* _Work task_
The lines to output run from the first line of the entries below through the line containing "- Die Lichtstärke"; copy them exactly and leave out pictures.

* _Available records_
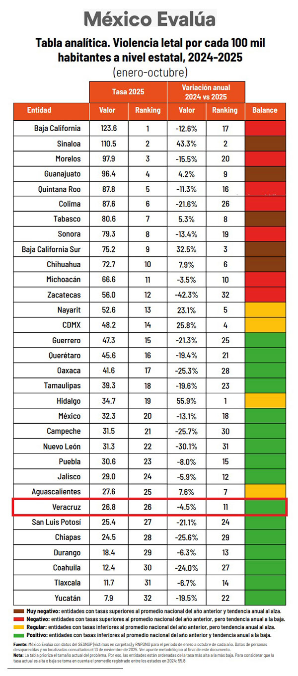 Los números son claros. Con una tasa de 26.8 víctimas de violencia letal por cada 100 mil habitantes, Veracruz ocupa el lugar 26 de 32 entidades federativas. En un país donde las comparaciones suelen ser injustas —porque se contrastan realidades profundamente desiguales—, este indicador coloca a la entidad muy por debajo de los focos rojos nacionales: Baja California, Sinaloa, Morelos o Guanajuato.
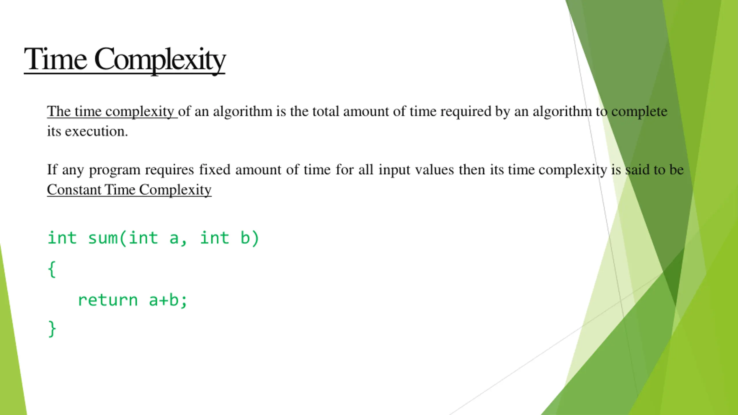 Time Complexity The time complexity of an algorithm is the total amount of time required by an algorithm to complete its execution. If any program requires fixed amount of time for all input values then its time complexity is said to be ConstantTime Complexity int sum(int a, int b) { return a+b; }
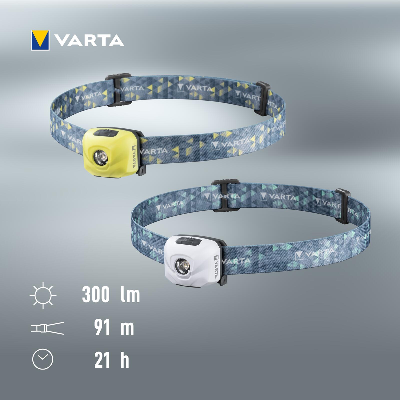 - Die Lichtstärke beträgt bis zu 300 Lumen bei einer Reichweite von bis zu 91 Metern und einer Laufzeit von bis zu 21 Stunden. Reflektierende VARTA-Logos am Kopfband sorgen für bessere Sichtbarkeit und damit Sicherheit beim Einsatz im Dunkeln.
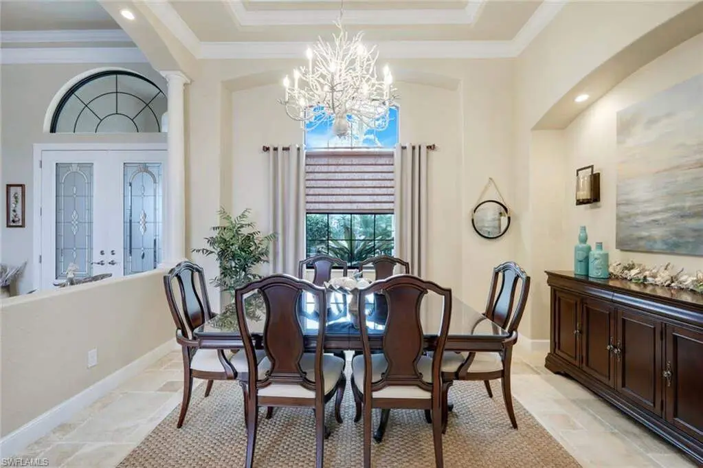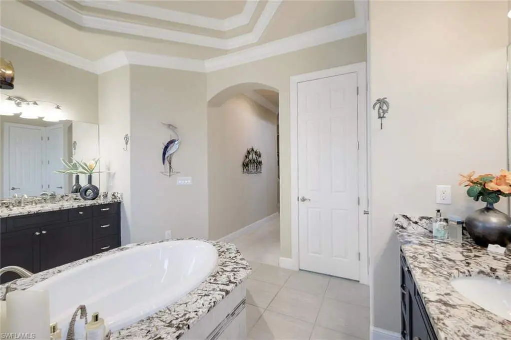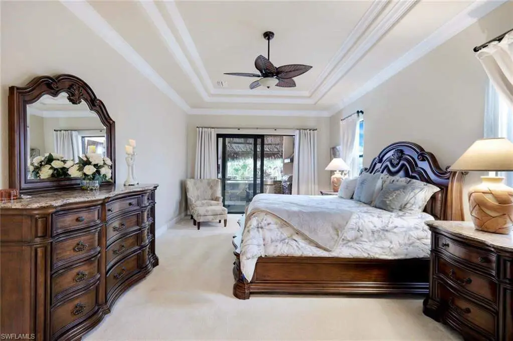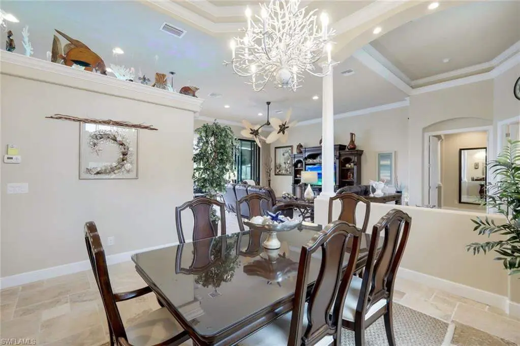 Experience the Ultimate Outdoor Lifestyle in Sunny Southwest Florida! Welcome to your personal tropical oasis! This stunning home features a tiki bar, outdoor kitchen, saltwater pool and spa, and a private dock with a tiki hut and boat lift offering direct Gulf access with no bridges or locks-just minutes to open water! As you arrive, you'll be greeted by a professionally landscaped yard filled with mature greenery, setting the tone for the beauty inside. Step through the elegant double-entry doors, and your eyes will be drawn to the sparkling pool with in-water seating, surrounded by a lush outdoor paradise. Inside, the home boasts tall ceilings, travertine flooring in the main living areas, crown molding, and tray ceilings. The chef in your family will love the dream kitchen, complete with custom wooden cabinetry, granite countertops, a breakfast bar, stainless steel appliances, and a large island with a wine fridge. The kitchen seamlessly flows into the living room, a casual eat-in area with pool views, and a formal dining space-perfect for entertaining. Slide open the glass doors to the expansive tiki bar, where you'll find a custom stone fireplace, charcoal and gas grills, an icemaker, dishwasher, pot filler, and outdoor burners, including a griddle. Relax by the heated (electric and solar) pool, grab a seat at the covered bar to catch your favorite sporting event, or enjoy your morning coffee on the canal-side dock. The primary suite is a serene retreat with access to the lanai, a spacious walk-in closet, and an ensuite bathroom featuring a separate tub and a walk-through shower. The home's split floor plan ensures privacy, with two guest bedrooms-one ensuite and the other adjacent to the pool bath-plus a versatile den/office currently set up as a fourth bedroom. This meticulously maintained home is being sold TURNKEY and exudes pride of ownership throughout. Live the vacation lifestyle every day with 5200 square feet of indoor/outdoor living! Built in 2014 by Frey & Sons, this home has not experienced any flooding. Call today to schedule your private showing and make this tropical retreat yours!
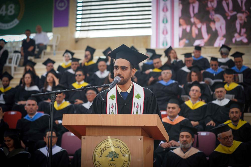 وفي كلمة الخريجين، التي قدمها الطالب سري دار يوسف من تخصص اللغة العربية، أعرب عن اعتزازه بجامعة بيرزيت وأساتذتها وتميز الجامعة أكاديمياً ووطنياً واجتماعيا. وخاطب الخريجين والخريجات قائلاً: " أيها الأصدقاء الأعزاء، تعلّموا حمل القرطاسِ والقلم، قبل حمل البندقية، فالحرّيةُ من دونِ وعيٍ شكلٌ من أشكالِ الفوضى".
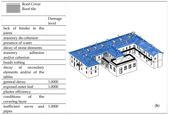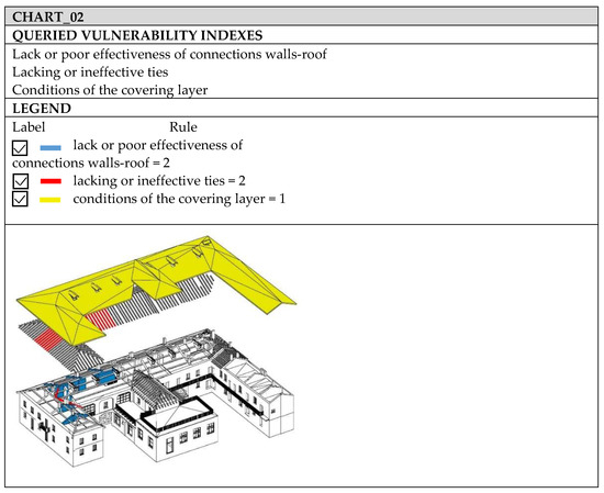More than one of the specific vulnerabilities listed in Table 4 may be present in the building elements. Now, if each element were affected by more than one form of specific vulnerability, it would be interesting to have an immediate graphical feedback of its vulnerabilities [13,14,15,16].

* _Output_
 Los números son claros. Con una tasa de 26.8 víctimas de violencia letal por cada 100 mil habitantes, Veracruz ocupa el lugar 26 de 32 entidades federativas. En un país donde las comparaciones suelen ser injustas —porque se contrastan realidades profundamente desiguales—, este indicador coloca a la entidad muy por debajo de los focos rojos nacionales: Baja California, Sinaloa, Morelos o Guanajuato.
 Time Complexity The time complexity of an algorithm is the total amount of time required by an algorithm to complete its execution. If any program requires fixed amount of time for all input values then its time complexity is said to be ConstantTime Complexity int sum(int a, int b) { return a+b; }
 - Die Lichtstärke beträgt bis zu 300 Lumen bei einer Reichweite von bis zu 91 Metern und einer Laufzeit von bis zu 21 Stunden. Reflektierende VARTA-Logos am Kopfband sorgen für bessere Sichtbarkeit und damit Sicherheit beim Einsatz im Dunkeln.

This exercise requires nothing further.